Companion Policy to NI 81-102 Investment Funds
Part 11 Commingling of Cash
Section 11.1

Commingling of Cash

(1)Part 11 of the Instrument requires principal distributors and participating dealers to account separately for cash they may receive for the purchase of, or upon the redemption of, investment fund securities. Those principal distributors and participating dealers are prohibited from commingling any cash so received with their other assets or with cash held for the purchase or upon the sale of securities of other types of securities. The Canadian securities regulatory authorities are of the view that this means that dealers may not deposit into the trust accounts established under Part 11 cash obtained from the purchase or sale of other types of securities such as guaranteed investment certificates, government treasury bills, segregated funds or bonds.

(2) Subsection s 11.1(2) and 11.2(2) of the Instrument state that principal distributors and participating dealers, respectively, may not use any cash received for the investment in investment fund securities to finance their own operations. The Canadian securities regulatory authorities are of the view that any costs associated with returned client cheques that did not have sufficient funds to cover a trade (“NSF cheques”) are a cost of doing business and should be borne by the applicable principal distributor or participating dealer and should not be offset by interest income earned on the trust accounts established under Part 11 of the Instrument.

(3) No overdraft positions should arise in these trust accounts.

(4) Subsections 11.1(3) and 11.2(3) of the instrument prescribe the circumstances under which a principal distributor or participating dealer, respectively, may withdraw funds from the trust accounts established under Part 11 of the instrument. This would prevent the practice of “lapping”. Lapping occurs as a result of the timing differences between trade date and settlement date, when cash of an investment fund client held for a trade which has not yet settled is used to settle a trade for another investment fund client who has not provided adequate cash to cover the settlement of that other trade on the settlement date. The Canadian securities regulatory authorities view this practice as a violation of sections 11.1(3) and 11.2(3) of the instrument.

(5)Subsection s 11.1(4) and 11.2(4) of the Instrument require that interest earned on cash held in the trust accounts established under Part 11 of the Instrument be paid to the applicable investment fund or its securityholders “pro rata based on cash flow”. The Canadian securities regulatory authorities are of the view that this requirement means, in effect, that the applicable investment fund or securityholder should be paid the amount of interest that the investment fund or securityholder would have received had the cash held in trust for that investment fund or securityholder been the only cash held in that trust account.

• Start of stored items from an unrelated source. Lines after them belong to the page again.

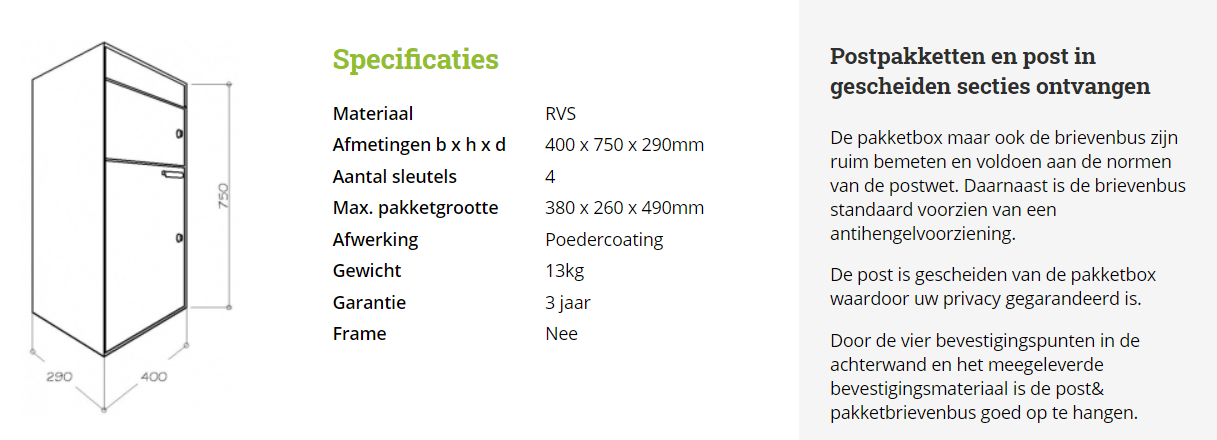 De postpakketbrievenbus wandmodel met elektronisch slot is de perfecte oplossing voor iedereen die pakketten en post veilig wil ontvangen zonder thuis te hoeven zijn. Dit stevige en ruimtebesparende model wordt eenvoudig aan een muur of gevel gemonteerd en biedt maximale bescherming tegen diefstal en weersinvloeden.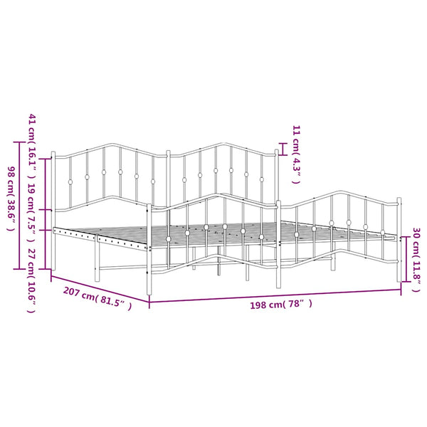 Valkoinen metallinen sängynrunko päädyillä 193x203cm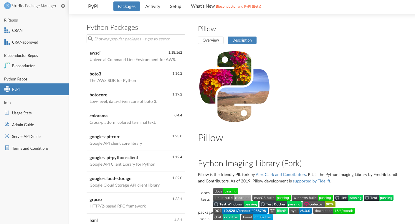 This release adds beta support for mirroring Python packages from PyPI. By adding PyPI support, we intend to make it much easier for multilingual teams to work together, and mitigate the challenges IT organizations face in maintaining their own PyPI mirrors. One exciting capability of Package Manager’s PyPI support is the addition of PyPI snapshots, enabling teams to time travel in Python just like they can in R. You can also search for Python packages explore documentation, and track package downloads. Package Manager is fully compatible with pip and tools like virtualenv and pyenv.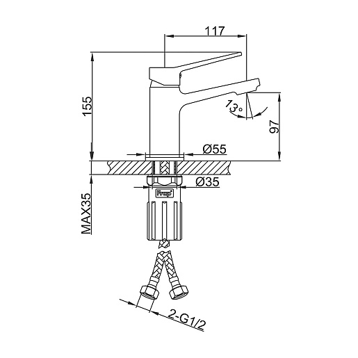 - Высота излива: 9.7 см.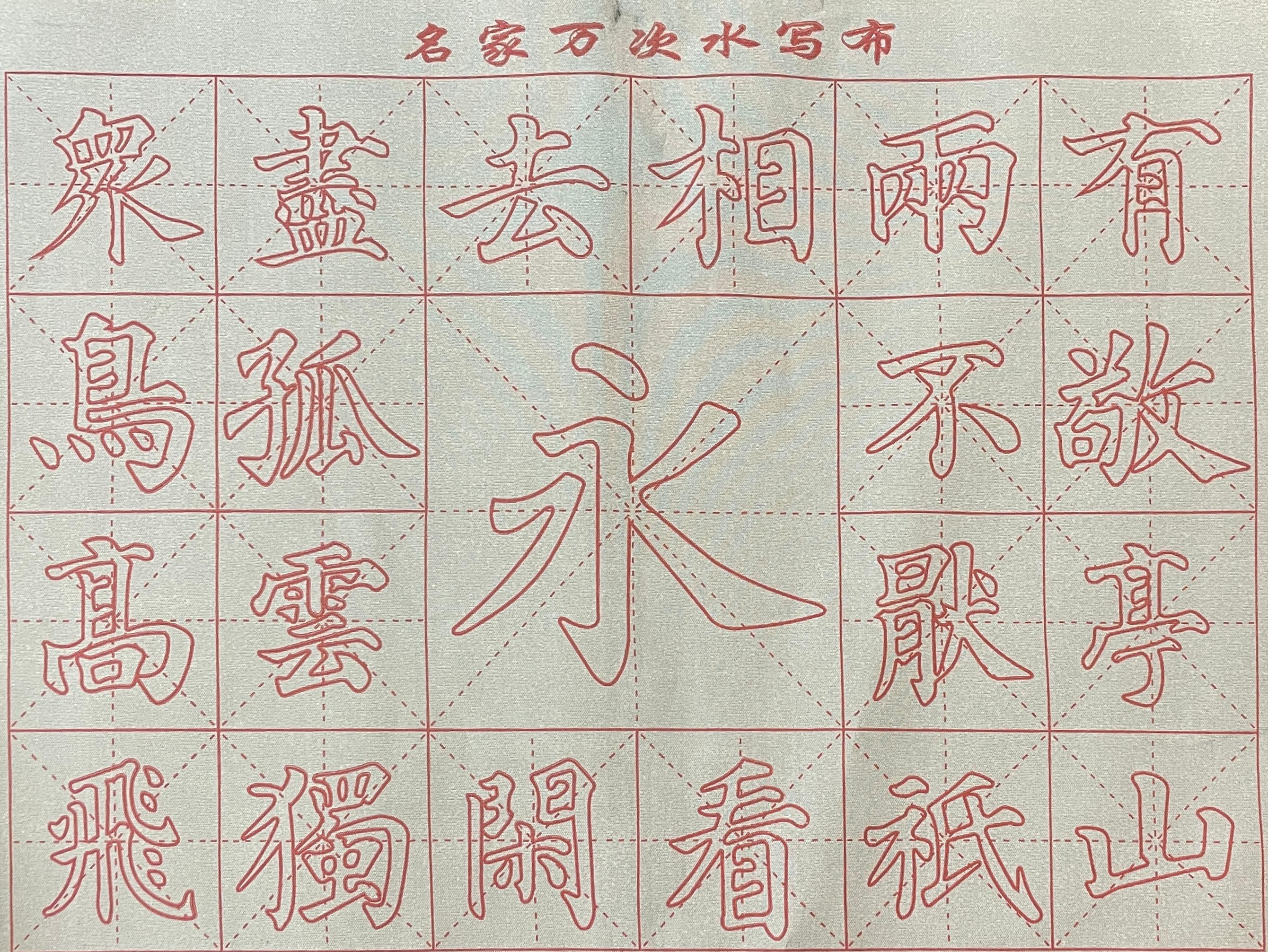 请问这个水写布上的字,你怎么读?

(6) Paragraph 11.3(b) of the Instrument requires that trust accounts maintained in accordance with sections 11.1 or 11.2 of the Instrument bear interest “at rates equivalent to comparable accounts of the financial institution”. A type of account that ordinarily pays zero interest may be used for trust accounts under sections 11.1 or 11.2 of the Instrumentso long as zero interest is the rate of interest paid on that type of account for all depositors other than trust accounts.